The Port Authority's contractor, North Shore Constructors, started by mapping the tunnels' route using surface surveying equipment. That information was then transferred to a computerized laser device in the launch pit that fires a beam down the tunnel until it reaches the boring machine.

Using the laser's directional and length measurements, a display shows the control cab operator exactly where the boring machine is and where it's headed, and compares that with the route it should be following, allowing minor adjustments as it moves along.

As the boring machine plows toward its target, work is proceeding in the opposite direction on the North Shore.

The subway lines will continue running underground from the launch pit area to a new station beneath the Sports and Exhibition Authority parking garage on West General Robinson Street, and then on to the point where they will pierce the surface east of Heinz Field.

The boring machine will not be used to create that stretch of the tunnel, though. Instead, workers have dug down from the surface to make a trench for the subway tubes.

The station beneath the parking garage already has its walls and most of its roof, and the floor is being installed now, Mr. Wargo said. The station shell and the tunnel sections on either side of it should be completed by December.

Work on the rest of the route, from where the tracks will emerge from the ground and then keep rising to run on an elevated platform to the final station near Allegheny Avenue and Reedsdale Street, has not yet started.
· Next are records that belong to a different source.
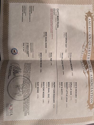 Cat Man Dual, Sired by $98 million Dollar sire HIGH BROW CAT, out of an own Daughter of Dual Pep. Grandam is no other than the great MISS ECHO WOOD. Extremely good minded and kind stallion, anyone would enjoy to call their own. Clean X-rays.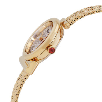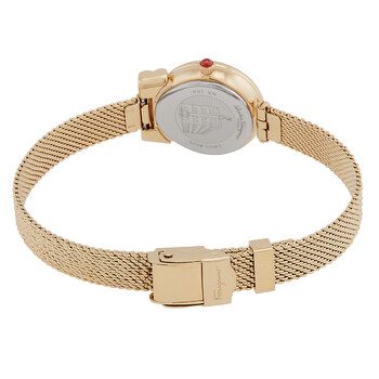 Gold-tone stainless steel case and bracelet. Fixed gold-tone stainless steel bezel. Silver pave dial with gold-tone hands. Dial Type: Analog. Quartz movement. Scratch resistant sapphire crystal. Pull / push crown. Solid case back. Round case shape, case size: 22 mm. Water resistant at 30 meters / 100 feet. Functions: hour, minute. Gancini Series. Casual watch style. Watch label: Swiss Made. Salvatore Ferragamo Gancini Diamond Quartz Ladies Watch SFUY00322.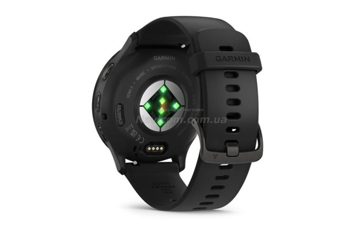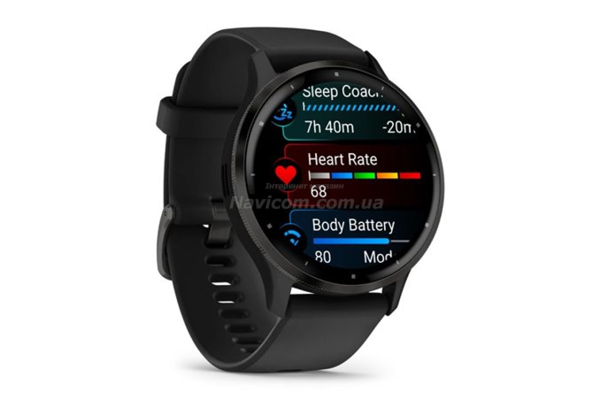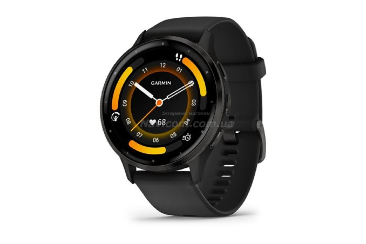 Смарт-годинник Garmin Venu 3 чорний зі сланцевим сталевим безелем і силіконовим ремінцем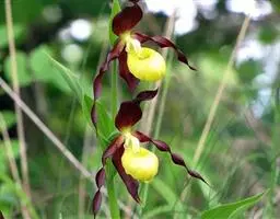 云南杓兰:植株高20-37厘米,具粗短的根状茎。茎直立,无毛或在上部近节处疏被短柔毛,基部具数枚鞘…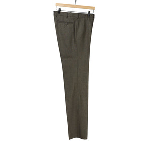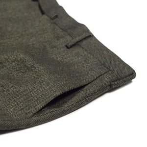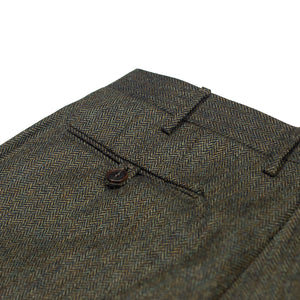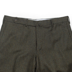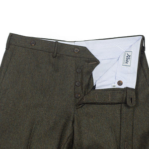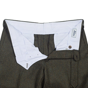 Perfect for a fall color palette of browns, rusts, charcoals and greens. These wool trousers are cut from a soft medium weight wool cloth in a slim pattern. With their distinctive and rakish extended waistband closure, shirt-stripe lining and thoughtful details, they will pair nicely with a sport coat or cashmere sweater.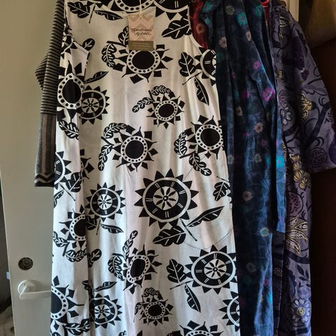 Käyttämätön Gudrun Sjödén joustava trikoomekko, väriltään pohja kamelin ruskea/oranssi, kuviot sininen ja vaalean punainen),koko M. Kainalo-kainalo 46,5 cm. Valmistettu pehmeästä modal-materiaalista. Edessä yksityiskohtana vyötäröltä laskos. Pitkähihainen malli, sopii monipuoliseen käyttöön.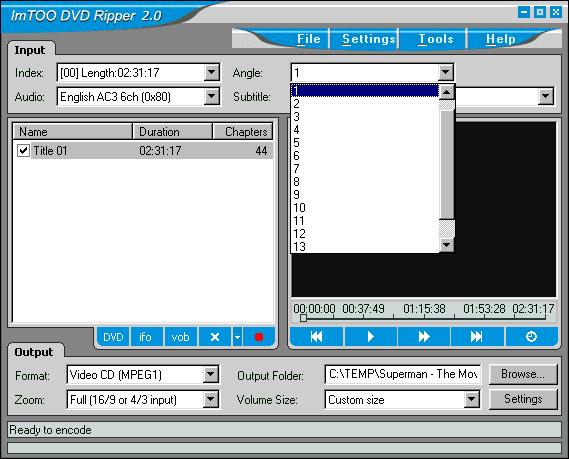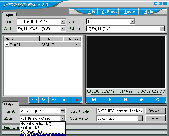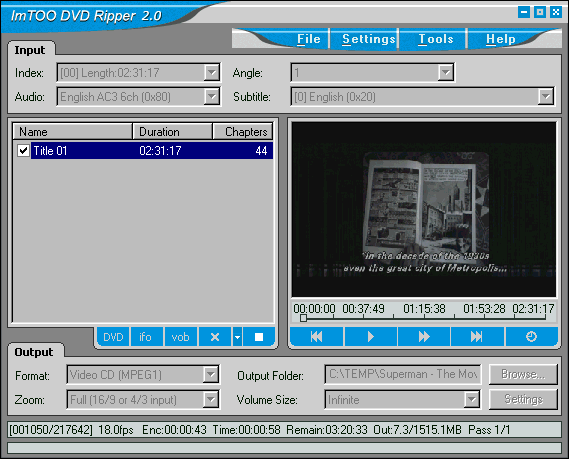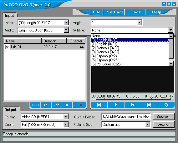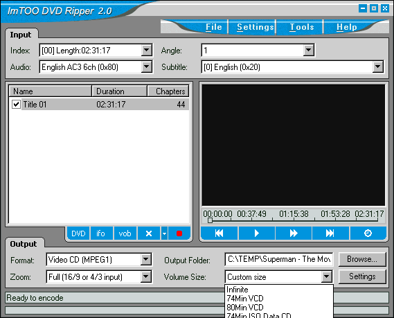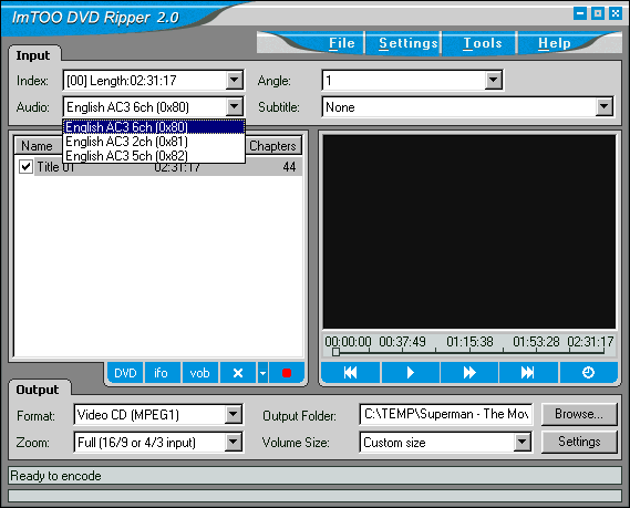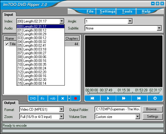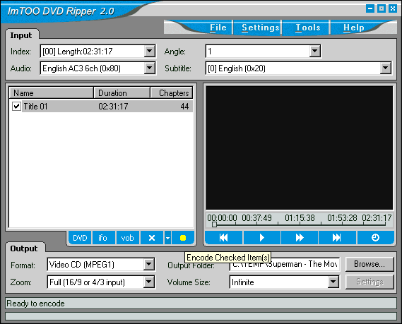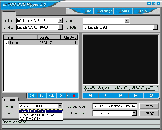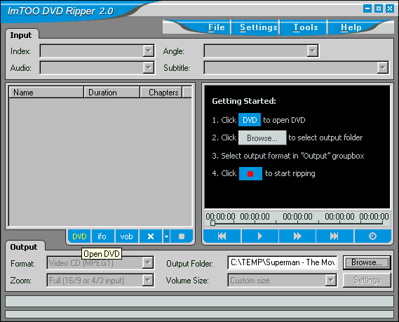 used in this guide: Backup/Encoding - ImTOO DVD Ripper Chapters - Chapter-X-Tractor Authoring - VCDEasy ( & ASPI Layer for your system! - use the search for "WinASPI" or scrool to the bottom of the page!) |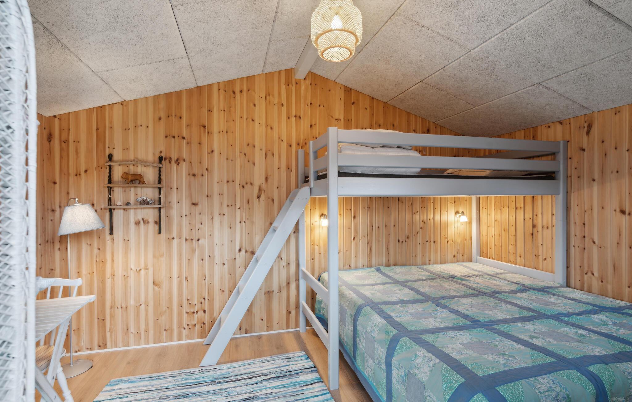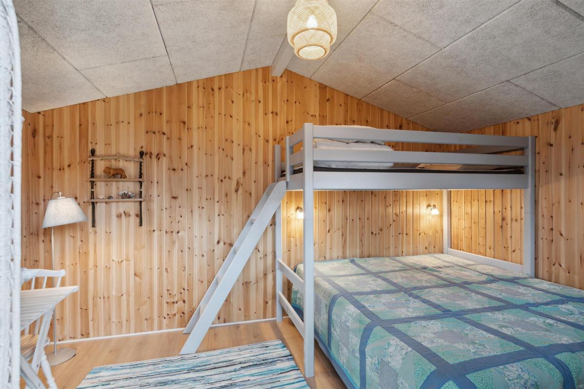 Slaapkamer 14m2 (nr. 1) - 2 Slaapplaatsen. (2-persoonsbed(den)). 1 Slaapplaatsen. (Stapelbed).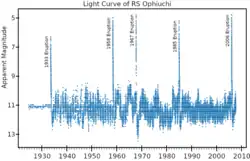 - ↑ «[vsnet-alert 26131] Outburst of RS Ophiuchi». ooruri.kusastro.kyoto-u.ac.jp. Consultado em 9 de agosto de 2021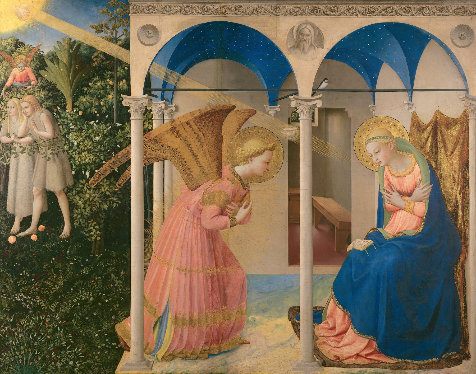 Фра Беато Анжелико создал алтарный образ «Благовещение» в эпоху Раннего Возрождения, около 1425 года, для церкви Санто Доминго, расположенной недалеко от Флоренции. Эта картина, написанная темперой на деревянной доске и обрамленная резной позолоченной рамой, изображает ключевую сцену из Нового Завета, где архангел Гавриил является Деве Марии с известием о том, что она станет матерью Христа.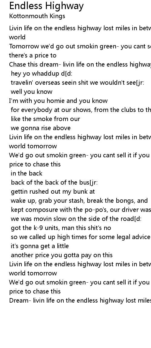 Dream- livin life on the endless highway lost miles in between[jr:] in the back of the back of the[d:] back of the back of the bus[jr:] on this never-ending journey, gettin searched by the fuzz[d:] gettin rushed out my bunk at nine-thirty in the mornin'[x:] wake up, grab your stash, break the bongs, and hide your doja[jr:] kept composure with the po-po's, our driver was on no-doze[jr:] we was movin slow on the side of the road[d:] and on the side of the road was more highway patrol's[d:] got the k-9 units, man this shit's no joke[jr:] so we called up high times for some legal advice[jr:] cause if we miss the show tonight, you know there's gonna be fights[d:] it's gonna get a little rowdy if the kings don't play[jr/x/d:] another price you gotta pay on this |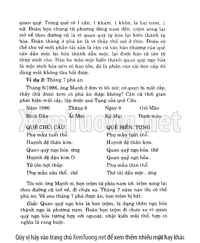 + Sách chủ yếu giới thiệu các ví dụ đoán quẻ tích lũy được trong thực tiễn của tác giả. Trong sách có phương pháp đoán theo tượng quẻ, đoán theo tượng hào và phương pháp đoán kết hợp. Ngoài ra có một số quẻ được chọn lựa từ tinh hoa của các học viên, một số nữa là chọn những quẻ hay, điển hình trong sách cổ. Trong lời giải quẻ luôn thể hiện nhất quán các phương pháp đoán quẻ cơ bản là: “một hào động”, “tượng quẻ”, “dịch lí”, “số lí”, “ngũ hành sinh khắc” và “ngoại ứng”.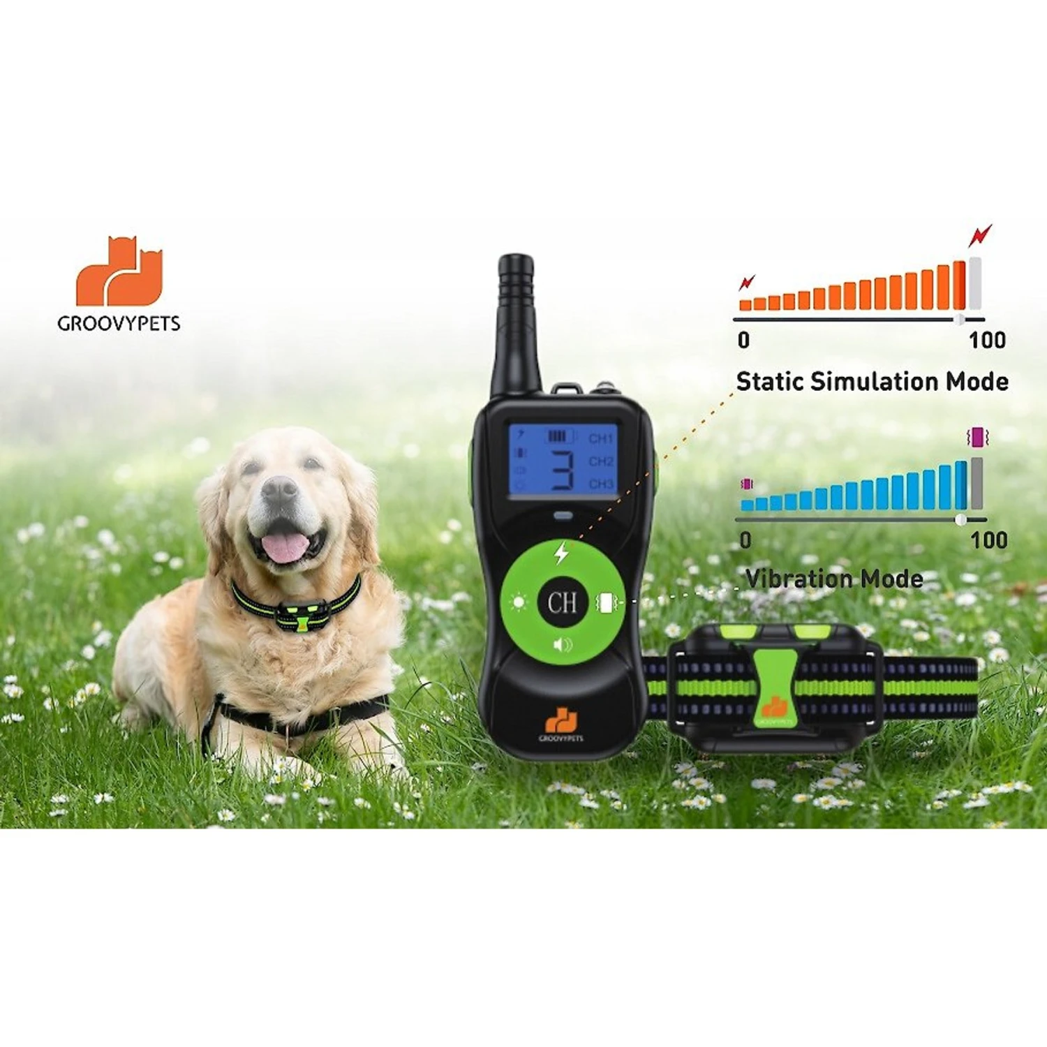 GroovyPets Two-Dog Kit 800 Yard Waterproof Long-Life Rechargable Remote Dog Training Shock Collar System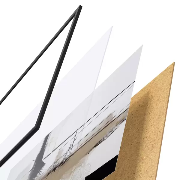Das Poster besteht aus einem Rahmen, Plexiglas, einem gedruckten Bild und einer Rückwand aus Spanplatten. Dank der Halterungen auf der Rückseite kann das Poster sofort an die Wand gehängt werden.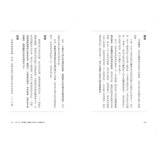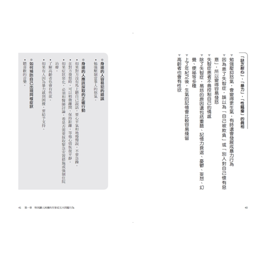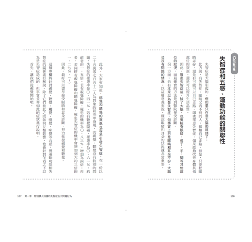 ․這本書讓我因為知道年長者對時間的感覺和年輕人完全不同,還有知道觸覺、嗅覺、視覺衰退的影響,讓我能冷靜對應失智症患者。內容寫得相當仔細,也有案例,非常好閱讀。——lucky lady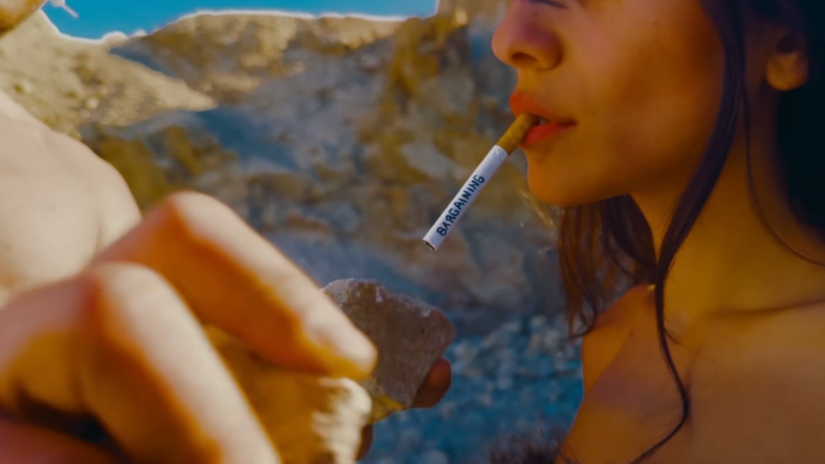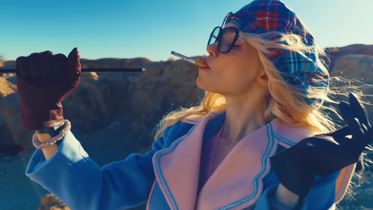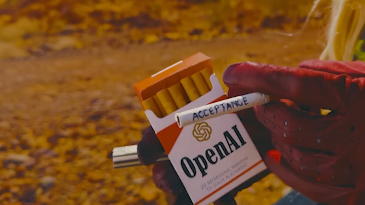 〈人造天使〉中,藏著大量對 AI 浪潮的致敬。其中一項線索,是印有 OpenAI 商標的萬寶路香菸。Grimes 用香菸來譬喻 AI、將萬寶路替換成 OpenAI,以及不時閃現的 Sora AI 影片浮水印,來類比吸菸這樣「明知有害,卻無法停止」的行為,正是諷刺著人類對 AI 的上癮、焦慮、依賴與自我毀滅。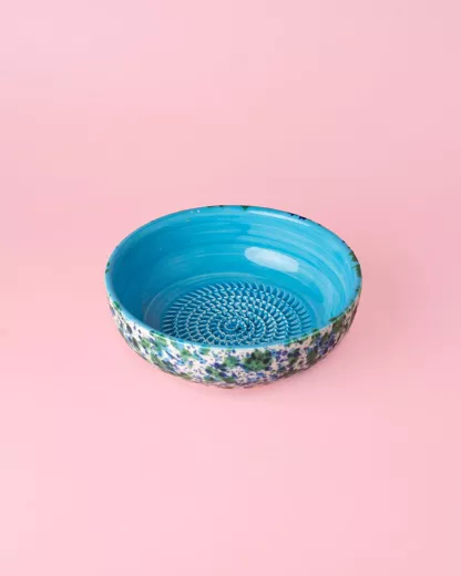 Miseczka ceramiczna z tarką w środku, kolorowa, ręcznie wykonana, z Hiszpanii, idealna do ścierania warzyw i owoców.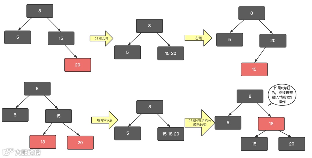整体来说左倾红黑树的插入就是这3种情况来回切换,最终达到平衡。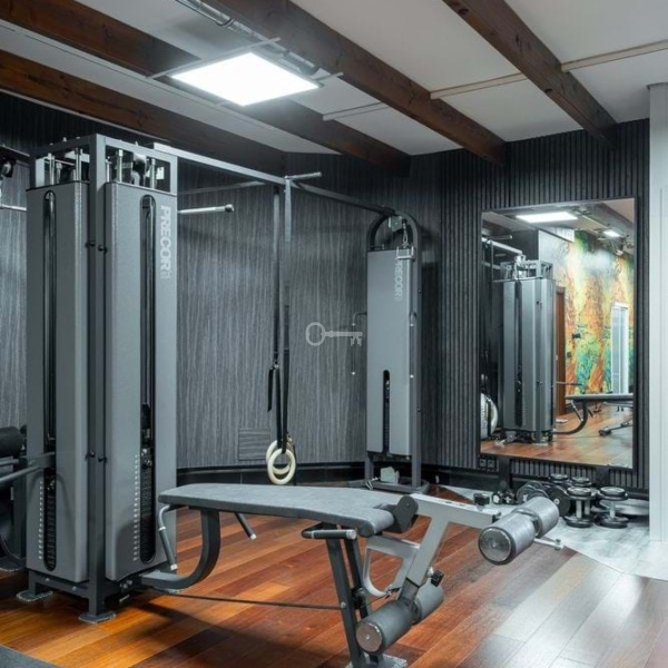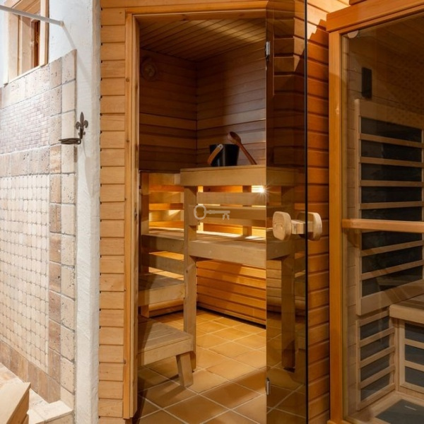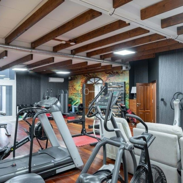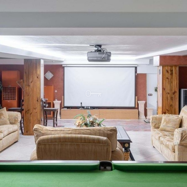 Na parterze znajdują się cztery kolejne sypialnie, każda z drzwiami prowadzącymi prosto do ogrodu i basenu. W pobliżu basenu znajduje się sauna fińska, w której można się zrelaksować. Do tego siłownia i duży garaż. W piwnicy znajduje się fajne kino domowe, miejsce do masażu, tradycyjna sauna i sauna na podczerwień oraz jeszcze jedna sypialnia z własną łazienką.

On the Downtown side, the Port Authority will build a new station under Stanwix Street, and has not begun that work yet, either.

When the 30-foot-long boring machine breaks into the receiving pit Downtown next month, it will slide onto steel plates and be turned around with hydraulic jacks so it can start drilling back under the river in the opposite direction. It is scheduled to arrive back at its launch pit in December. The entire connector is scheduled to begin passenger service in 2011.